3.5. Other Trisomies
The craniofacial skeleton in Trisomy 18 and 13 and Triploidy has been studied and it was shown that the developmental deviations are completely different in these trisomies. This indicates an early and specific interrelationship between genotype and phenotype.
3.6. Meckel Syndrome
In Meckel syndrome, deviations are seen in the occipital region and sella turcica.
3.7. Orofacial Clefts
The nasal bone is short in cleft lip, but not in cleft palate and combined cleft lip and palate. The sella turcica deviates especially in combined cleft lip and palate. Abnormal findings were seen in the cranial base/sella turcica and the nasal bone/maxilla.
3.8. Cranial Encephalocele
Different malformations are observed in bones in different types of cranial encephaloceles. Interestingly, the same type of malformation occurs in the sella turcica/pituitary gland region in different types of encephalocele.
3.9. Preliminary Conclusion
A general conclusion from craniofacial studies in the foetal period is that an association exists between the development of the cranium and the body axis/cervical spine and between the cranium and the central and peripheral nervous systems (CNS/PNS). This is not surprising as studies on the early gastrulation in the embryonic period have shown an axial midline structure in the body, the primitive streak [53], which will later involve the notochord and the head formation. The rostral extent of the notochord appears in the posterior wall of the sella turcica [54].

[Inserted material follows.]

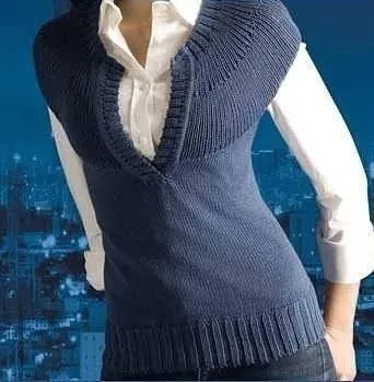 Сборка. Выполнить плечевые и боковые швы. Для планки горловины переда набрать справа по краю выреза 60 п. и связать 1 см лицевой гладью. Затем связать 1 ряд следующим образом: * 1 накид, 2 п. вместе *; повторять от * до * до конца ряда. Продолжить вязание резинкой 2/2. На общей высоте 3 см закрыть петли по рисунку. Левую планку вязать аналогично. Наложить правую планку на левую и пришить внизу выреза горловины потайными стежками

Concerning cranial development, the main conclusion is that different regions of the cranium are malformed in different genotypes. These cranial regions are called fields. In order to understand these fields, we need to turn to experimental studies on animals.
3.10. Developmental Fields
Experimental studies performed by Le Douarin et al. [28, 55] on animal tissue have revolutionized the embryological understanding of the craniofacial development. In these studies the neural crest cells from different specific regions were labelled and the authors discovered that cells from different regions on the neural tube migrate to different specific parts of the cranial face and dentition, thus forming different developmental fields.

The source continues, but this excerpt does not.